Students at Rutgers face the task of managing a proper balance between their daily schedules and sleep. It turns out that naps may not be the solution to a sleepless night.
Andrea Spaeth, an assistant professor in the Department of Kinesiology and Health, said naps cannot be perfect substitutes for a full seven-hour rest at night.
“Daytime sleep is not as high quality as nighttime sleep,” she said.
Ideally, a person would get all of their sleep at night so that it would align with their circadian rhythm — one's biological clock that outlines when and how much sleep one should have — to reach optimal sleep quality and health outcomes.
Spaeth said that napping creates a harmful cycle. Sleeping during the day leads to less desire to sleep at night and, as a result, a person who naps would stay up later and get less sleep. The next day, they would feel sleepy during the day and nap again, repeating the cycle.
Spaeth advises students who do nap to gradually shorten naps and take them earlier in the day. By doing this, they would eventually be able to shift their sleep to the nighttime period over time.

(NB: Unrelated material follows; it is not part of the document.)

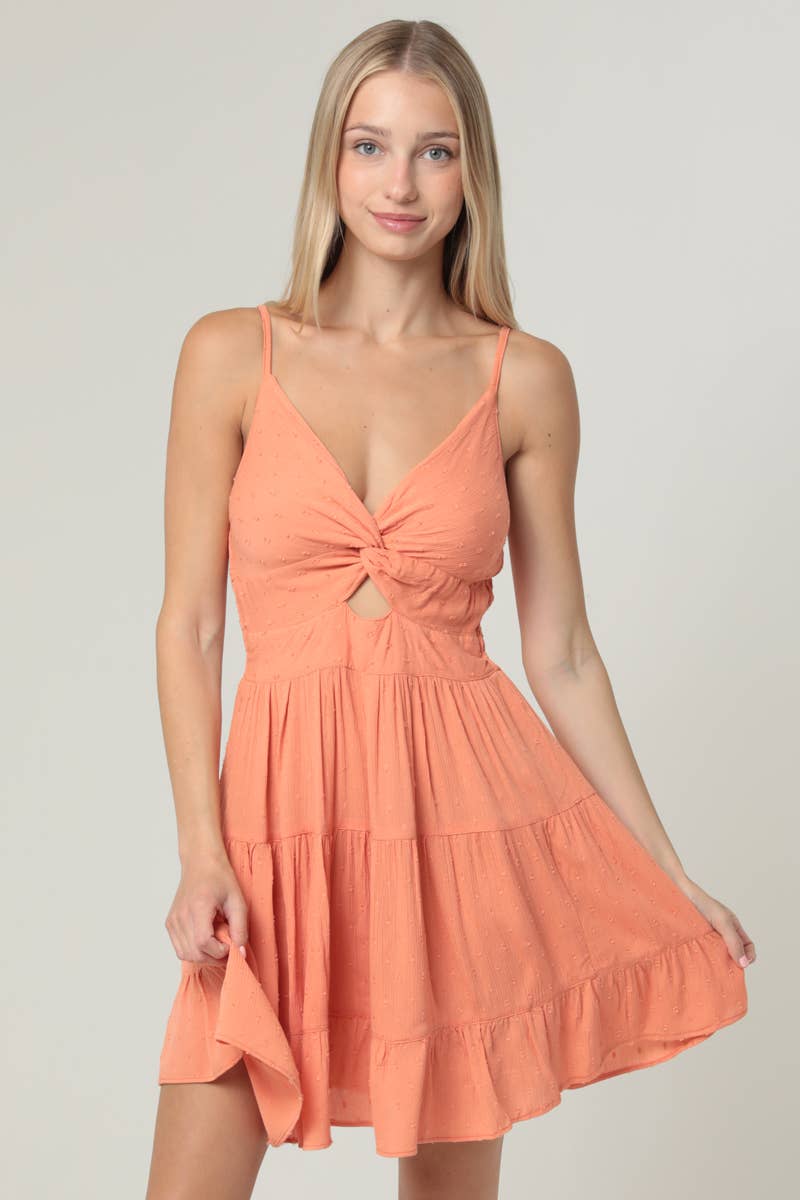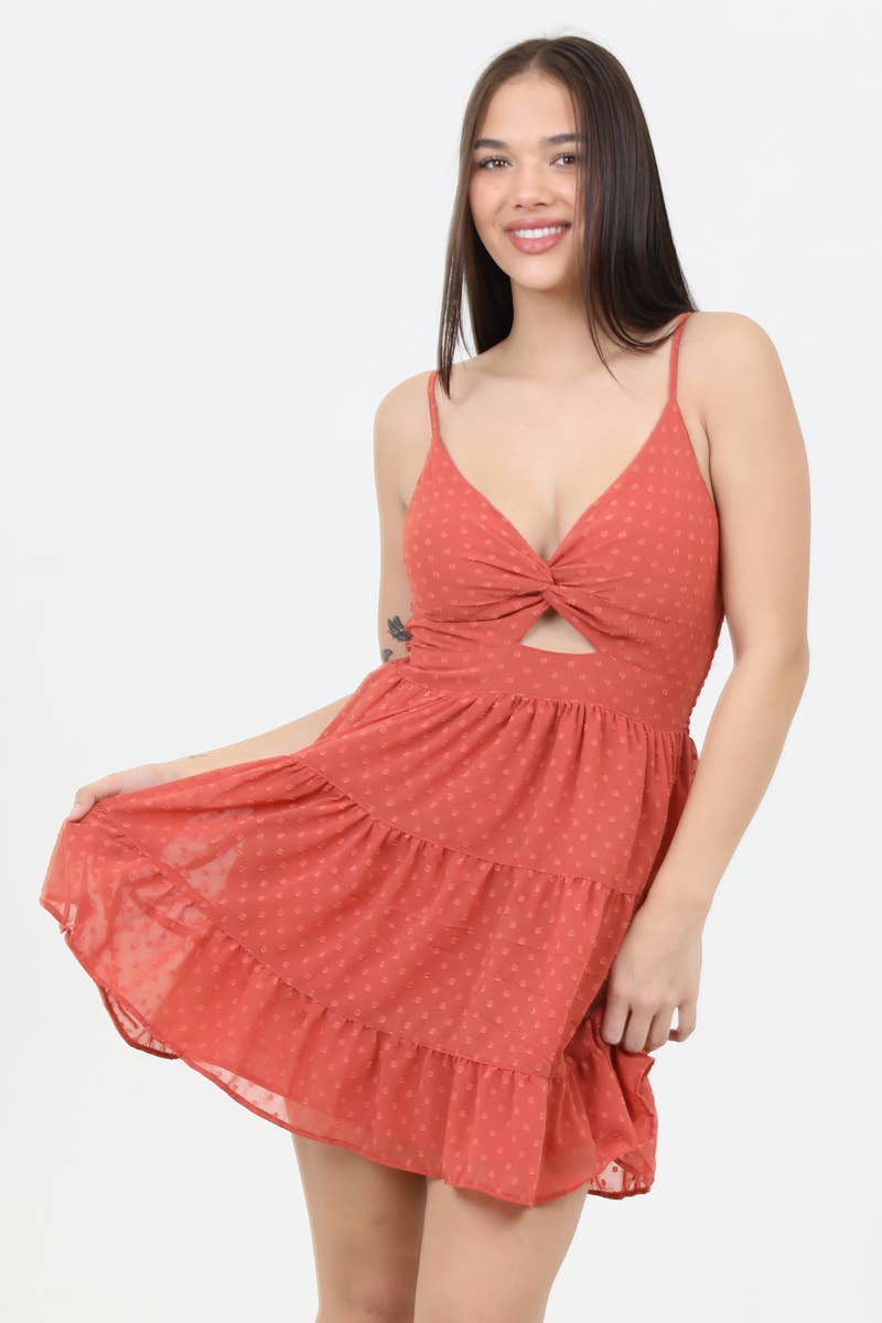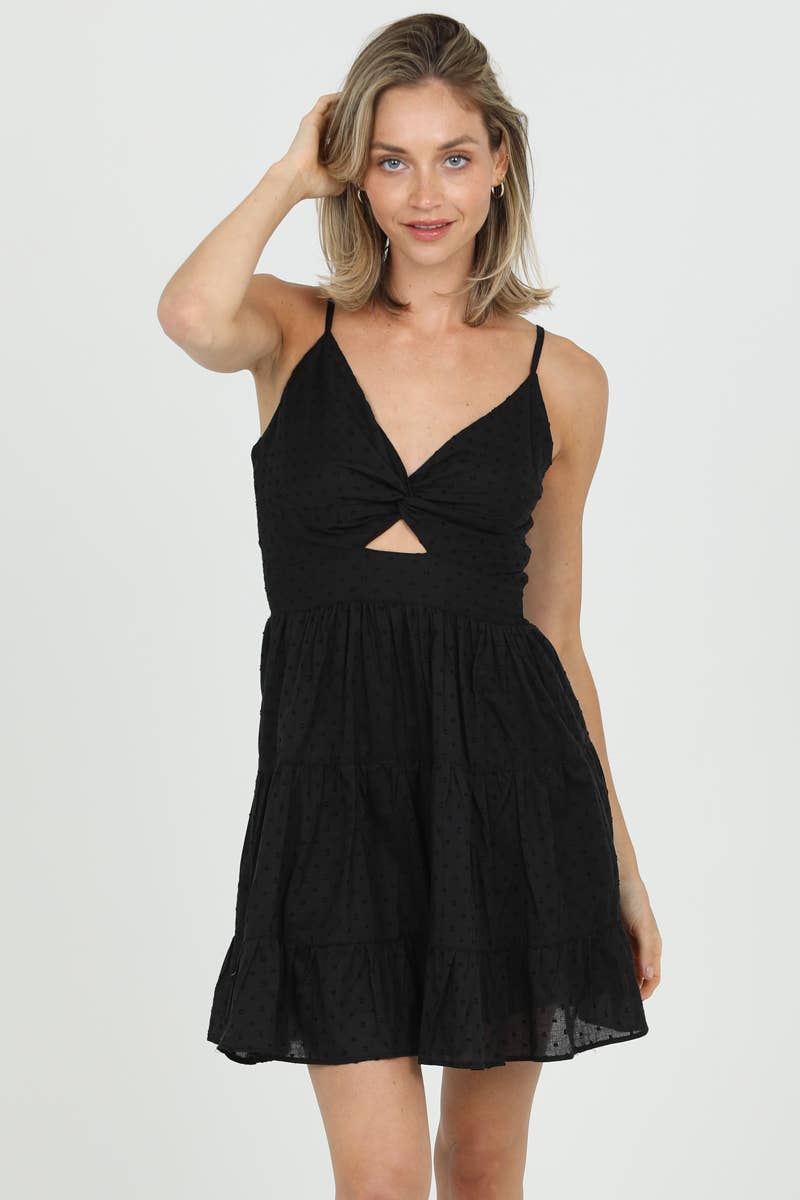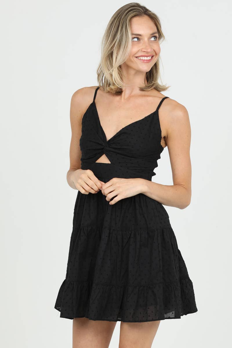 Meet the dress that does all the flirting for you. Our Swiss Dot Twist Front Cut-Out Mini Dress is the perfect blend of sweet + spicy — soft Swiss dot texture, a twist-front neckline, and a subtle center cut-out that adds just the right amount of sass.

Specializing in understanding the relationship between a person's sleep and metabolic health, Spaeth said these circumstances can affect a person physically and mentally. Lack of sleep, even with naps, contributes to chronic health problems such as diabetes, obesity, cardiovascular disease and certain cancers. There is also a link between lack of sleep and mental health problems.
“Research consistently shows that individuals who obtain insufficient sleep are at increased risk for anxiety and depression, experience negative moods and exhibit greater reactivity to mild stressors,” she said.
The experience of students at the University affirm her research that naps are not enough. Catherine Tuite, a School of Arts and Sciences first-year, said she understands how important sleep is, especially as a college student. With her ever-changing schedule, some days require 12 hours of studying for classes and homework that can keep her up past midnight. A full seven hours of sleep is not feasible for her.
“They’re nice when they last and can feel necessary, but in reality, they just ruin my body clock,” she said.
As a result, Tuite sees napping as a useful but temporary solution for her lack of sleep. Taking naps ended up causing her circadian rhythm to fall out of sync.
Naps are not only insufficient, but also difficult in general to fit into a schedule. Tuite said she naps in public places because it is more convenient than walking back to her apartment, but is aware of how awkward it feels to fall asleep in front of others.
While some students resort to naps, Skylar Lewis, a School of Environmental and Biological Sciences junior, believes they are unnecessary, and that staying on top of course loads is a better solution. She said that napping was actually a setback to her daily plans.
“If I do nap and I wake up, I’m still tired,” she said.
To avoid becoming dependent on naps, Lewis said she established a consistent schedule that prioritized her coursework and relied on coffee as a daily supplement.
“If I don’t get enough sleep, I will take a nap the next day as long as I don’t have anything going on. But I try not to because when I take naps, I take four-hour naps,” she said.